- [How to complete this task]
Leave the pictures out, and repeat exactly every line from the one with "Stella, Oval Cut Sapphire Halo Pavé Ring" through the end of the data below.

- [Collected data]
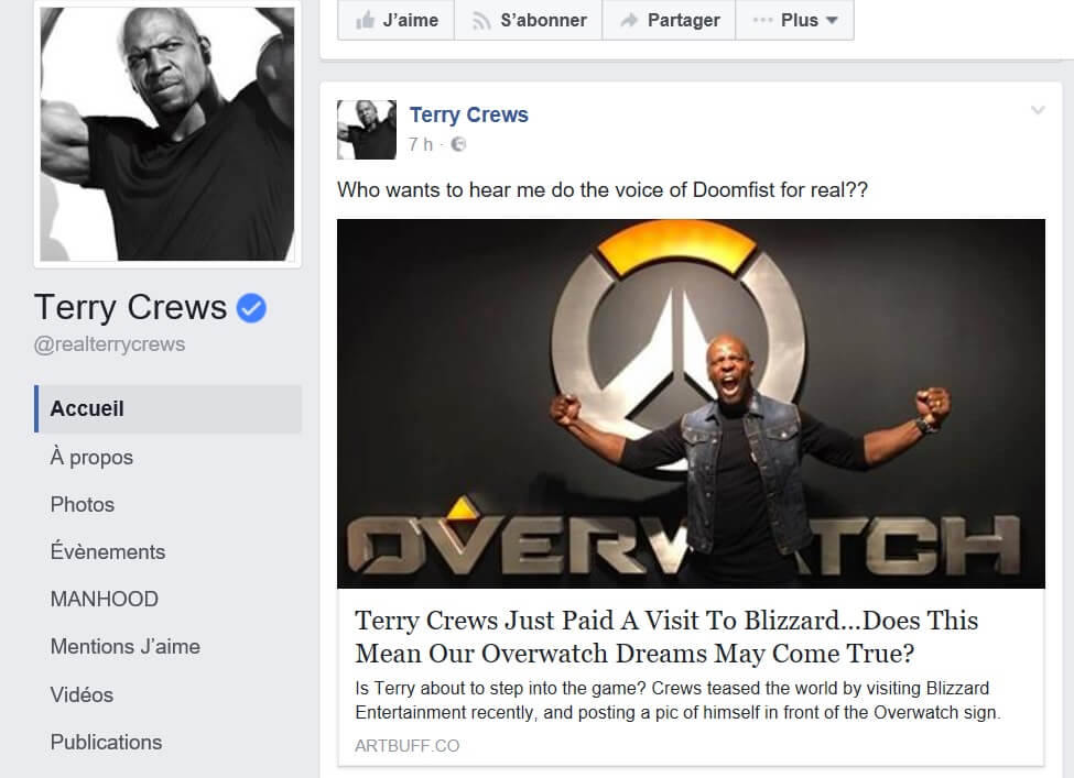 L’acteur Terry Crews n’a jamais caché son amour pour Overwatch, titre auquel il joue souvent ; si souvent que Blizzard l’a d’ailleurs invité à Irvine il y a plusieurs mois, ce qui a donné lieu à de nombreuses rumeurs concernant le doublage de Doomfist. Qui !?
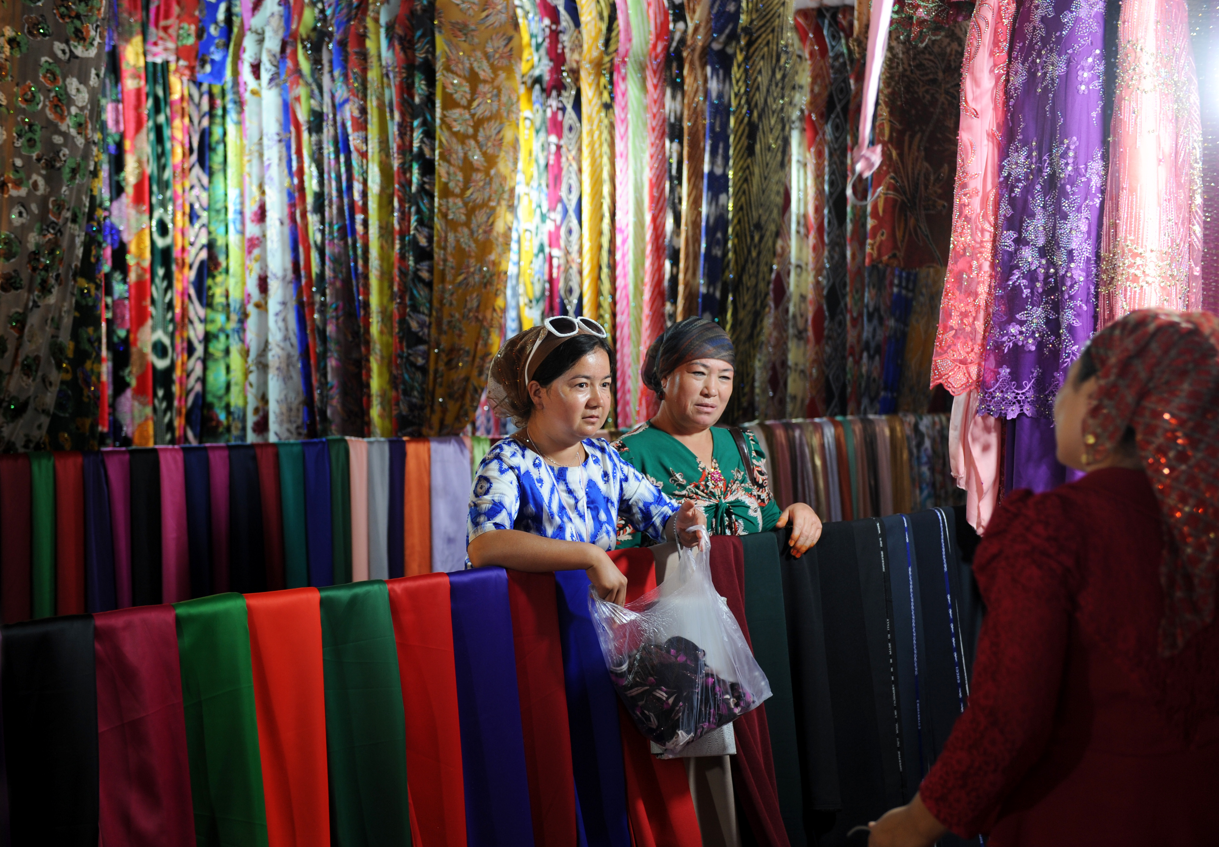 (160911) — AKSU, Sept. 11, 2016 (Xinhua) — Women shop at a fabric store in Aksu, northwest China’s Xinjiang Uygur Autonomous Region, Sept. 11, 2016. Local Muslims prepared for the upcoming Corban Festival, also known as Eid al-Adha or the feast of the sacrifice, in various ways. (Xinhua/Wei Hai) (wf)
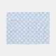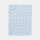 Wintry fleece blanket with a pleasing pattern of light blue snowflakes on a white background.
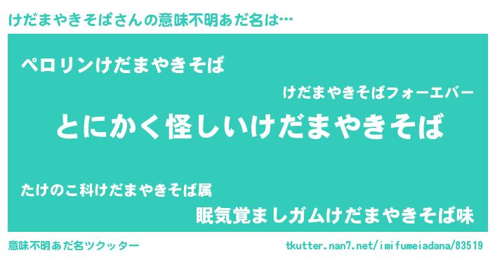 | 男性向けラノベタイトル風あだ名 | 『ダンジョンにけだまやきそばを求めるのは間違っているだろうか』 |
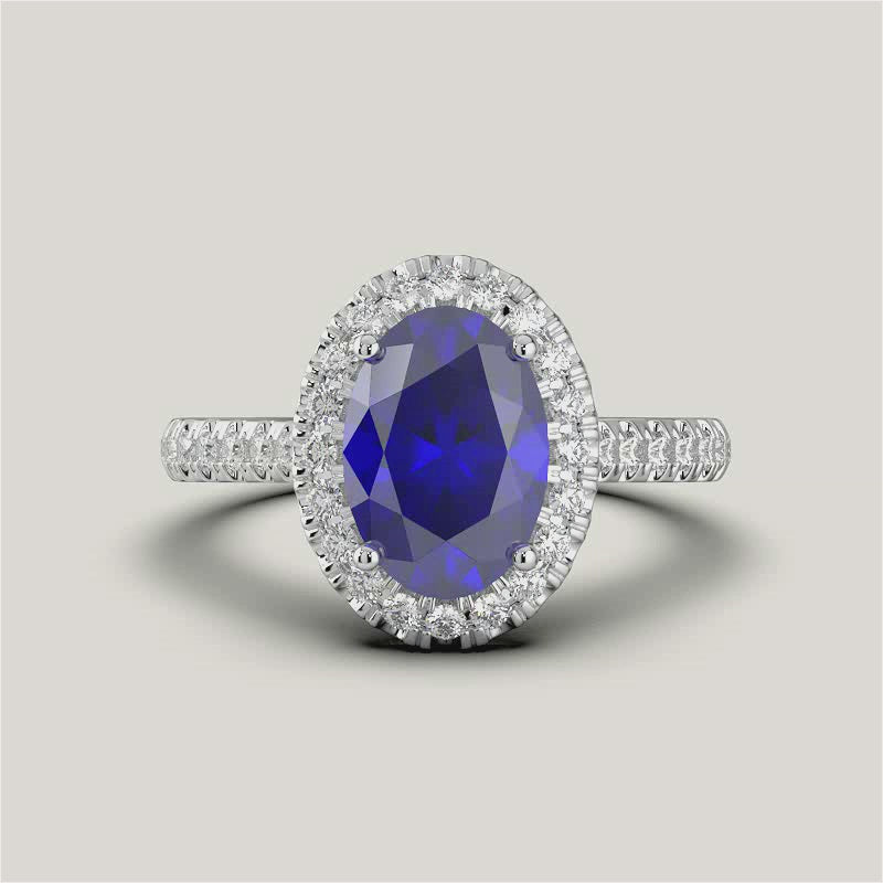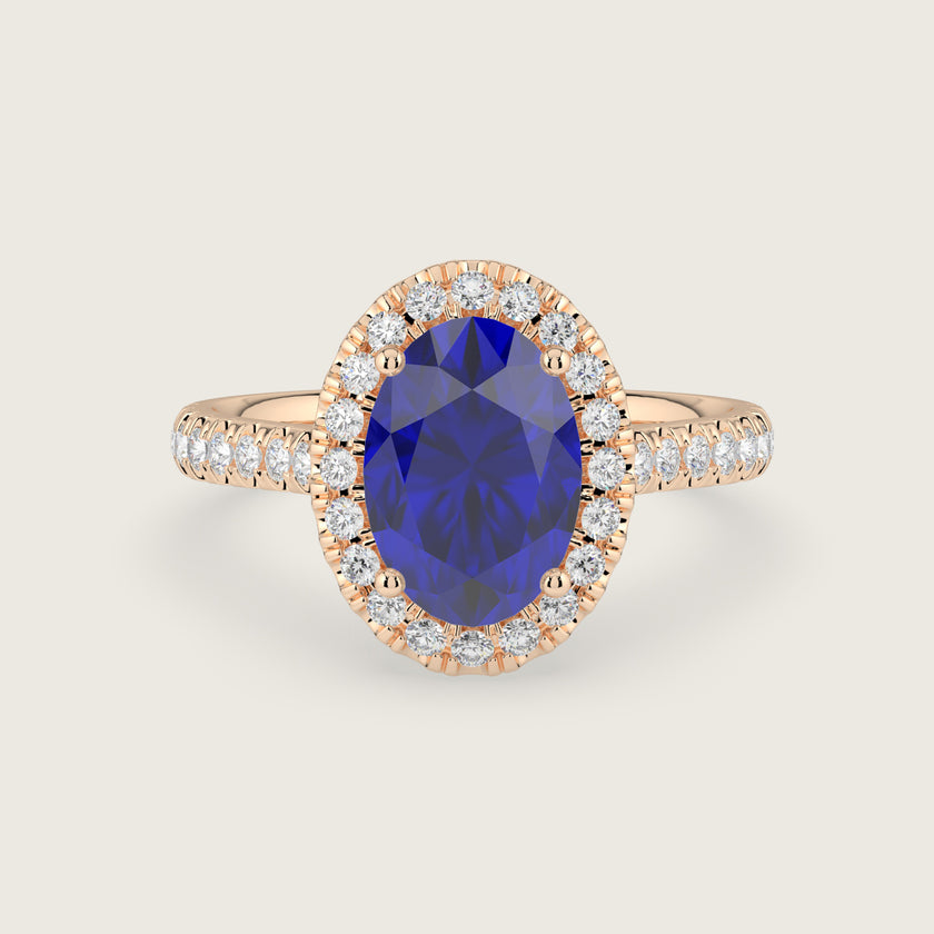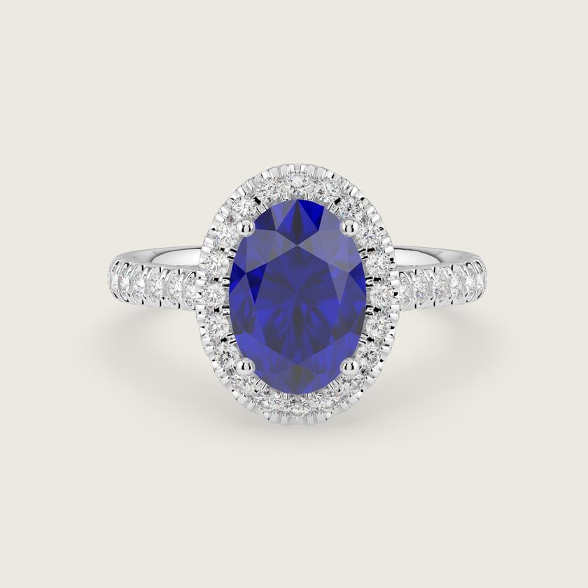 Stella, Oval Cut Sapphire Halo Pavé Ring
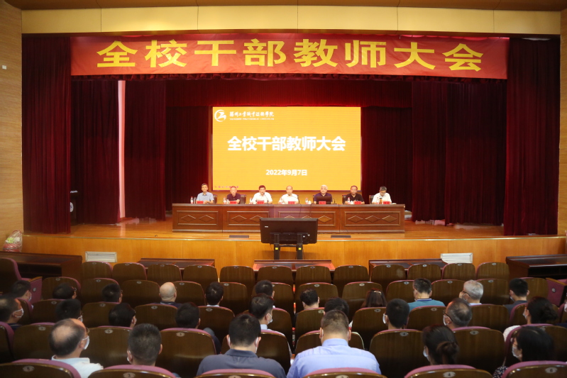 全体副科级以上干部、党支部书记、教研室主任、专业带头人、各级人大代表、政协委员,高级职称、民主党派等教师代表、学生代表参加了会议。
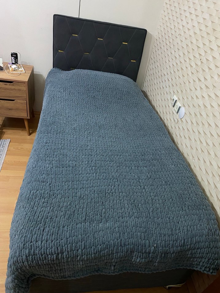 Yumuşak dokulu, gri renkli ve düz desenli yatak örtüsü. Rahat bir kullanım sağlar. İstenilen renk örülür
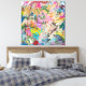 Uma explosão de cores e abstrato cria uma composição vibrante e caótica. Vários golpes e pinceladas evocam uma sensação de espontaneidade e energia.
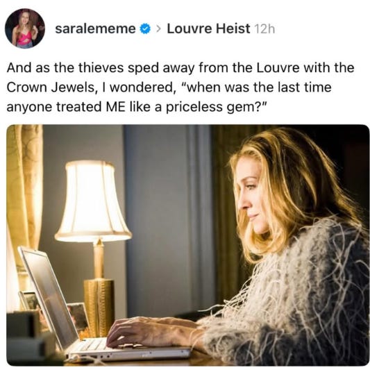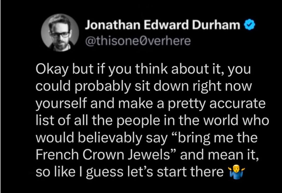In case you somehow missed the drama, four masked thieves rolled up to one of Paris’s most popular landmarks, in broad daylight, on scooters—that’s the part that’s really slaying the kids, BTW—and made off with some colonial-era bling worth about a hundred million bucks. (Seriously, what are they going to do with this not-exactly-discreet haul? List it on eBay? “Gently Used Crown Jewels - One Owner [*Napoleon] - Free shipping!”)
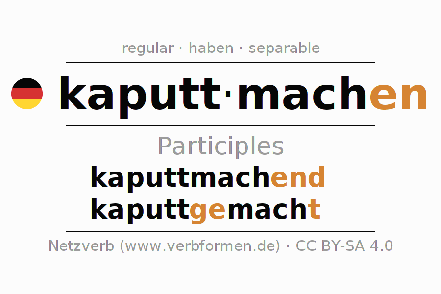 The verb kaputtmachen fully conjugated in all persons and numbers in the Participle Present Perfect

- [Your solution]
 Stella, Oval Cut Sapphire Halo Pavé Ring
 全体副科级以上干部、党支部书记、教研室主任、专业带头人、各级人大代表、政协委员,高级职称、民主党派等教师代表、学生代表参加了会议。
 Yumuşak dokulu, gri renkli ve düz desenli yatak örtüsü. Rahat bir kullanım sağlar. İstenilen renk örülür
 Uma explosão de cores e abstrato cria uma composição vibrante e caótica. Vários golpes e pinceladas evocam uma sensação de espontaneidade e energia.
In case you somehow missed the drama, four masked thieves rolled up to one of Paris’s most popular landmarks, in broad daylight, on scooters—that’s the part that’s really slaying the kids, BTW—and made off with some colonial-era bling worth about a hundred million bucks. (Seriously, what are they going to do with this not-exactly-discreet haul? List it on eBay? “Gently Used Crown Jewels - One Owner [*Napoleon] - Free shipping!”)
 The verb kaputtmachen fully conjugated in all persons and numbers in the Participle Present Perfect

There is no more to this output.